National Music Center, Calgary (rendering courtesy Allied Works)
BY BRIAN LIBBY
This Thursday at 6PM, Portland Art Museum director Brian Ferriso will host an interview and conversation with Allied Works founder and lead designer Brad Cloepfil.
The conversation comes at an interesting juncture for both Cloepfil and the museum. Today Allied Works is not only coming off the high-profile success of a well received Clifford Styll Museum in Denver, but is seeing other large scale projects beginning to come to fruition like the National Music Centre in Calgary, only adding to the firm's impressive portfolio of public arts institions in St. Louis, New York, Ann Arbor, and Seattle.
“We’re inventing an institution here,” Cloepfil told Fast Company last summer. “It’s an exciting thing but it’s a daunting thing. It’s a building type that doesn’t exist yet.”
National Music Center, Calgary (image courtesy Allied Works)
After beating out famous firms and architects like Diller Scofidio + Renfro and Jean Nouvel, among others, one of the first things Cloepfil did was to question whether such a building was really necessary. “Why build a national music center when everyone’s on their iPods?” he said. “Does a music institution need a venue anymore?”

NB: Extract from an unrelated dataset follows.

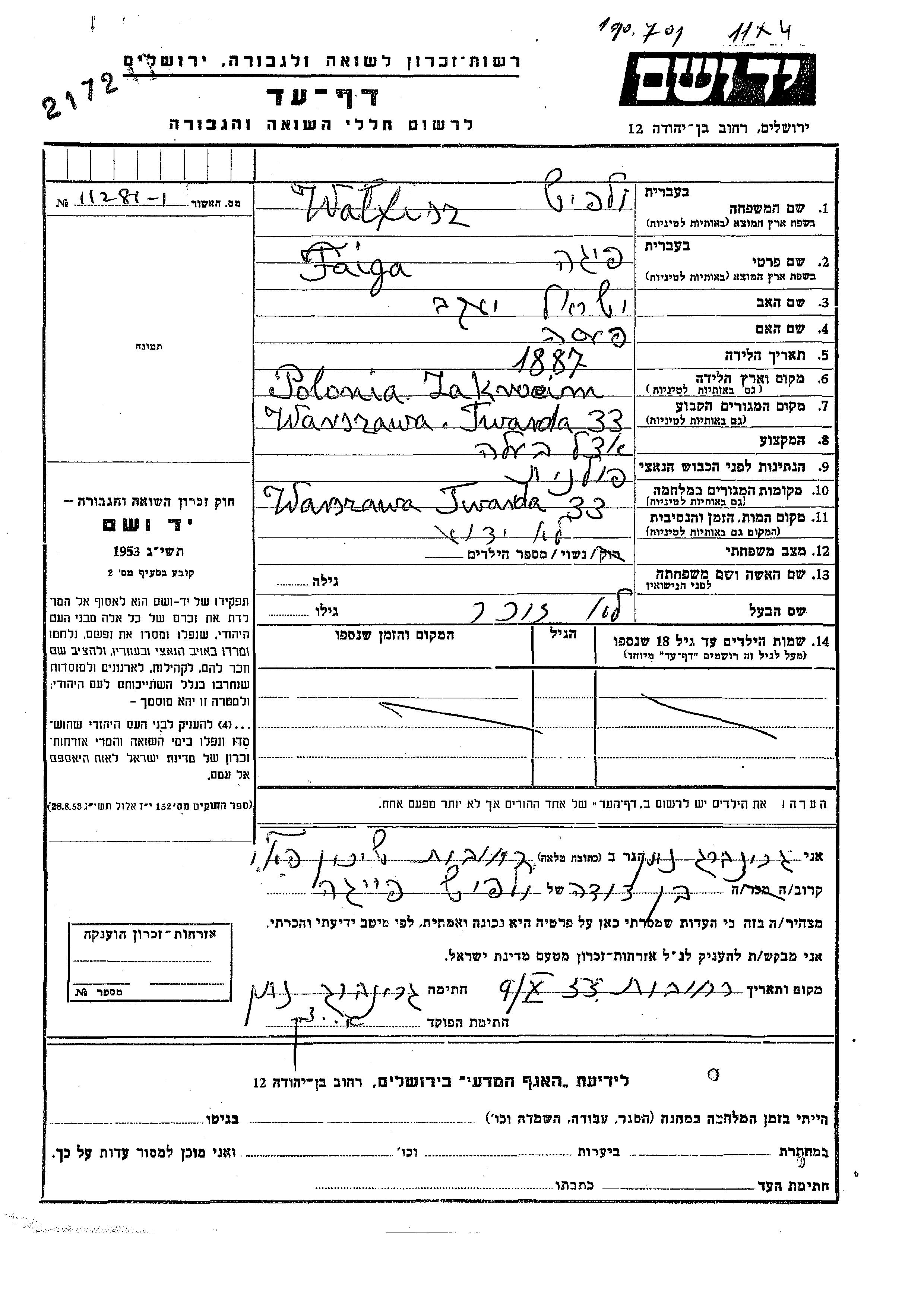 Faiga Walfisz was born in Zakrochim, Poland, 1887 to Yisrael Yaakov and Pesa. She was married. Prior to WWII she lived in Warszawa, Poland. During the war she was in Varsha, Poland. Faiga was murdered in the Shoah.

In the end, both Cloepfil and his clients resolved Canada's music-loving public needed a place to congregate and call its own. “It’s about people coming together,” Cloepfil said in the Fast Company interview. “People always talked about how libraries would disappear. But they didn’t. People still go and bring their laptops. People like to be around people. So this space is about bringing people together for music.”

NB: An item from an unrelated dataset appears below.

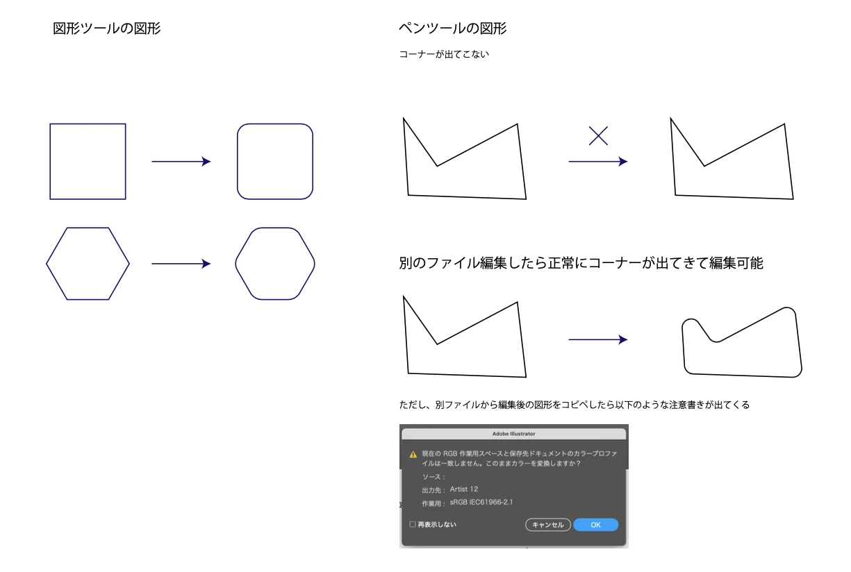 新規ファイルでは正常に動くので、そちらでコーナーの方を編集したのち、コピペすると以下のような注意書きが表示されます。

One could lead this notion into a similar conversation about the Portland Art Museum. Unlike the music center, PAM already has two buildings to call home. But there are increasing whispers that the museum may be gearing up to fundraise for development of the block it owns one block north of its existing Belluschi Building and Mark Building. Rather than an international design competition, as many cultural facilities use to bring top-shelf architects on board, PAM could easily simply sign on Allied Works. Portland as a city has a strong preference for all things local, and Allied is hands-down the local firm with the most international acclaim as well as the most experience with major art museums.
Vancouver Connector (images courtesy Allied Works)

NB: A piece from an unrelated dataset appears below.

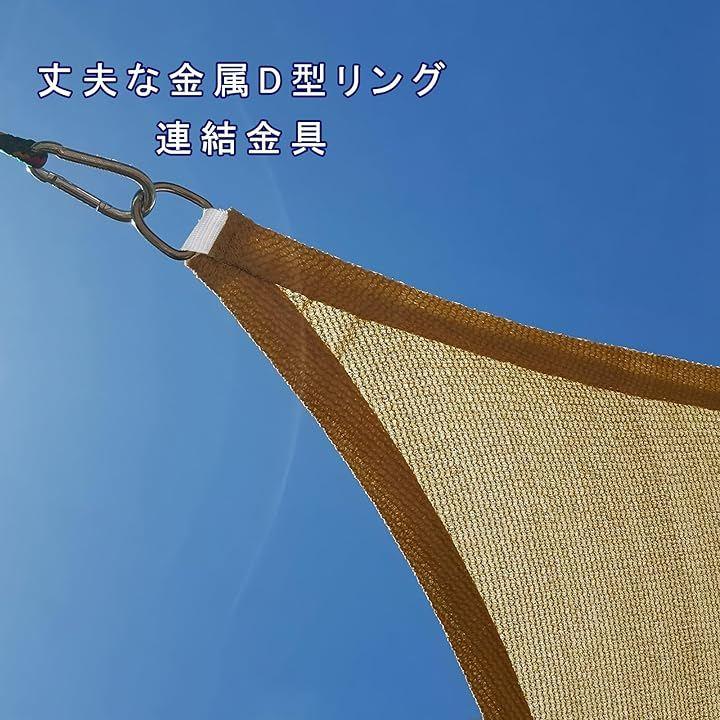 「D型リング連結金具」耐久性に優れ厚手の高密度なポリエチレンを使用した日よけシェードです。

Meanwhile, Allied's biggest local project for now seems to be the Vancouver Connector, which may be one of the few positive results from the Columbia River Crossing project. To buid the newI-5 Bridge between Vancouver and Portland, mitigation is required under federal law, requiring improved connections between downtown Vancouver and the Fort Vancouver historic site, including an expanded pedestrian overpass at Evergreen Boulevard.
In partnership with landscape firm Gustafson Guthrie Nichol, the 14-acre Connector will feature a promenade lined with flowing water, a native Camas prairie and a wetland meadow. The Connector is organized as a series of intersecting and overlapping plates that allow light to pass from upper to lower levels, and offer framed views of the city and sky.
Trolling the web for other Allied news and Cloepfil quotes, I came across a conversation at UCLA's Hammer Museum between Cloepfil and Portland-based director Gus Van Sant.
As Meara Daly recalled for the Los Angeles I'm Yours blog, the evening began with Van Sant asking Cloepfil about why he lives in Portland. "For both, it seemed to be a respite from the noise of places like NY and LA: it is a place where they are most productive) and how does one find inspiration," Daly writes. "Cloepfil meandered a bit on this topic, but essentially he believes architecture is a means of mining things – they do not have to be new things or even profound – to create a lens that brings insight into things. In a way he feels they both 'edit' experiences and the goal for him 'is not to expand but to limit the conversation.' Van Sant actually contradicted this notion though: he feels that in film 'scale is preferable, to make it personal AND include a vastness.”
In his Hammer talk, Cleopfil on more than one occasion "made a disparaging reference to 'corporate' architecture," Daly adds, and stated "that there are only two kinds of architecture: architecture as commodity, which is about replication and making money, and the 1% (very clever to hit that note!) who do it for the ideas and architecture that lives on its merits." This is a bit confusing to characterize the 1% as the good guys in this scenario, and Daly disagrees with this premise. "I do not believe architecture can be boiled down to these two extremes," she argues, "and in fact it does the profession a disservice to characterize it as such. Is his work for Pixar not a commodity? Is Frank Gehry’s work not considered a commodity AND in that 1%? I would love to hear other people’s thoughts on the subject, particularly folks who work in the industry." Indeed, Cloepfil seems to have a left-leaning sentiment and sympathy for the overwhelming majority earning less than a bundle, even as his clients are often very well-heeled.
Cloepfil's talk at the Portland Art Museum goes from 6-7PM on Thursday, and the museum is at 1219 SW Park Avenue.